Feliz año! Inauguramos un nuevo año y con el multitud de objetivos y propósitos que tenemos en mente, muchos de ellos se cumplirán y otros los iremos olvidando poco a poco tal y como pasen las semanas y vayamos retomando el ritmo de nuestra frenética vida.

Y junto al nuevo año nos hemos adentrado también en una nueva estación, que generalmente suele pasar desapercibida al coincidir en su llegada con los preparativos de la fiestas navideñas, el invierno.

La estación más fría del año nos lleva acompañando ya unas semanas, y ahora que volvemos a la rutina no podía dejar pasar la oportunidad de recordarte como deberías de afrontar la alimentación en esta nueva estación.

Según la medicina tradicional china, el invierno está  relacionado con el riñon, órgano principal de donde surge la energía vital y en el que se acumula durante toda nuestra vida , por tanto nutrirlo adecuadamente resulta de especial importancia y para ello los alimentos más beneficiosos son los alimentos oscuros, de color negro y morado como las moras, grosellas y arándanos, el sésamo negro o los azukis,  los alimentos salados como el pescado y las algas y las verduras de raíz como la zanahoria o la remolacha.

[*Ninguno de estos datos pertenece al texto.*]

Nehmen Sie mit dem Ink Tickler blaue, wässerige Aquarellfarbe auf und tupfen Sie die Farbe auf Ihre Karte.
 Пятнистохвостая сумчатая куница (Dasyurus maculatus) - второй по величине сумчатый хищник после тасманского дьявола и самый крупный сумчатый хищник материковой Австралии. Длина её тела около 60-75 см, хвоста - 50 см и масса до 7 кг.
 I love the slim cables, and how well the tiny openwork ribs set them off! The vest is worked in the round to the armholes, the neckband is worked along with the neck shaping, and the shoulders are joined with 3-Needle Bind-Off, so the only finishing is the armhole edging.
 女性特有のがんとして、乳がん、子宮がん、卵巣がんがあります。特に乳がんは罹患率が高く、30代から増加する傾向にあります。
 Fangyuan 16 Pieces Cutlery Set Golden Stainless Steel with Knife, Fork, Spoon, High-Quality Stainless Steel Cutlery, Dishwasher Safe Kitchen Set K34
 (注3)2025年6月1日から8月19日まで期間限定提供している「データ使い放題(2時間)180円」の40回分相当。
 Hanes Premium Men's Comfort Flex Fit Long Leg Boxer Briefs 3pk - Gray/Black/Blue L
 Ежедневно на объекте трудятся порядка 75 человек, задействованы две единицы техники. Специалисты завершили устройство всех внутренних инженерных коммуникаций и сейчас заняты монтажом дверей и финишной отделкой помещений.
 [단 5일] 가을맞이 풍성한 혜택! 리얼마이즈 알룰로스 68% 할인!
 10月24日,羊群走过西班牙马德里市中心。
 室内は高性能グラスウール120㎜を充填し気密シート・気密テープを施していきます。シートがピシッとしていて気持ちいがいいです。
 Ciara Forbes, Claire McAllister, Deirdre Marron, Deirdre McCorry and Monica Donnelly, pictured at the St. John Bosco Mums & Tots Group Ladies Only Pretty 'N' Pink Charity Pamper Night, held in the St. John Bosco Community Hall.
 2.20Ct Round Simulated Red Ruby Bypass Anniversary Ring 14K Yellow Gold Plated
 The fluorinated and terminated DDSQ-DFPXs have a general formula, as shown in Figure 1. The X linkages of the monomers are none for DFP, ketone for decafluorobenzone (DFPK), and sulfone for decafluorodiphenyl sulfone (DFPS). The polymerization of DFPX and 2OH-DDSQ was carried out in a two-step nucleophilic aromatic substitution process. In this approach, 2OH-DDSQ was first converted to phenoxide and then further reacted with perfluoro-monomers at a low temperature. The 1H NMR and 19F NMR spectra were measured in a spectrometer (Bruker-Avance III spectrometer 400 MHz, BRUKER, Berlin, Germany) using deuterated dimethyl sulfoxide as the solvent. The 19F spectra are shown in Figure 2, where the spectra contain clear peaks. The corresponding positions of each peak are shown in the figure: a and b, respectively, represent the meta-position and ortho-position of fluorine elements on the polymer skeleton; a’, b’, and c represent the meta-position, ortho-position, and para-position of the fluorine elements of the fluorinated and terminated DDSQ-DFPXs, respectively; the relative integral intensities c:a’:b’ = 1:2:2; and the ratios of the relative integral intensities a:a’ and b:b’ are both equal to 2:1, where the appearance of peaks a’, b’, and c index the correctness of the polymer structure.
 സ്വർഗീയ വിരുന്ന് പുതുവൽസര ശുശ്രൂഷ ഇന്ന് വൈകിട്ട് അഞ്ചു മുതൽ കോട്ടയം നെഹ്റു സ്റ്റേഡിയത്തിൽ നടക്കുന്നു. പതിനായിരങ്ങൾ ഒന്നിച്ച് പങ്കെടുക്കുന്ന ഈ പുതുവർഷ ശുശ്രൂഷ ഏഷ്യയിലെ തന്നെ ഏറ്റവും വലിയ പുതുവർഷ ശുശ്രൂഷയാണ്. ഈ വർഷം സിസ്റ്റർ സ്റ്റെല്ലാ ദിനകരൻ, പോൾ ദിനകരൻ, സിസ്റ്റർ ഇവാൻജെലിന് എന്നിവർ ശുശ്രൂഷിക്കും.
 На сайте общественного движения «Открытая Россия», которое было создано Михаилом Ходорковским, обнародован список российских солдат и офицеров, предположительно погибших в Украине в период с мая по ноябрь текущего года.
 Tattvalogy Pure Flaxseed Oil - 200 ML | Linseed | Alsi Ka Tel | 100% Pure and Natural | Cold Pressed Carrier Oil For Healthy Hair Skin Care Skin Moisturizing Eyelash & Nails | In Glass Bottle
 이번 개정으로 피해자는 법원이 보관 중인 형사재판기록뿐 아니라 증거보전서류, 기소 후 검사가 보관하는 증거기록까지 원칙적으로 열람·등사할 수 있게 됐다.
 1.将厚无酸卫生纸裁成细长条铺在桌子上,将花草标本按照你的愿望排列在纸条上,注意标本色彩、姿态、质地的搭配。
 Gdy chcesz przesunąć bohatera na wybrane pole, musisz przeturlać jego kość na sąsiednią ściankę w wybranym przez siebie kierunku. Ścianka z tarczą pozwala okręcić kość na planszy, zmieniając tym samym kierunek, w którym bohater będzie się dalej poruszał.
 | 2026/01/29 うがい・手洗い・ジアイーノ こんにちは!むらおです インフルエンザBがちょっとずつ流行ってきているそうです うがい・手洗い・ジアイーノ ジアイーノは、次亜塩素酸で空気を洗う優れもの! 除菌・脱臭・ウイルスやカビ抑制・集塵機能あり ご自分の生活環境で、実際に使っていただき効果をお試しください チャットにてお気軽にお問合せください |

Por supuesto y como en cualquier otra época las frutas y verduras son esenciales  y es preferible optar por las de temporada. Nos seguirán acompañando muchas de las del otoño, incluyelas dando mayor prioridad las cocinadas sobre las crudas, aunque estas tambien deben formar parte de la dieta en una pequeña proporción. El brócoli sigue siendo una de las fundamentales por su alto contenido en vitamina c y fitoquimicos, tambien los cítricos y las verduras como el ajo y la cebolla cuyos compuestos azufrados previenen y tratan síntomas de resfriados tan caracteristicos en esta época como las tos y la mucosidad. Puerros, calabacines o espinacas continúan siendo fondo de despensa y base para cualquier elaboracion por su gran capacidad para eliminar liquidos y toxicos algo básico para el mantenimiento de un buen sistema inmunitario.

Las cocciones serán mas largas y a temperatura media para dotar al alimento del calor con el que nos va a nutrir al comerlo, por tanto es época de guisos, sopas y bebidas e infusiones calientes a las que puedes añadir especias ya que calientan los órganos y estimulan la circulación sanguínea lo que permite aguantar las bajas temperaturas.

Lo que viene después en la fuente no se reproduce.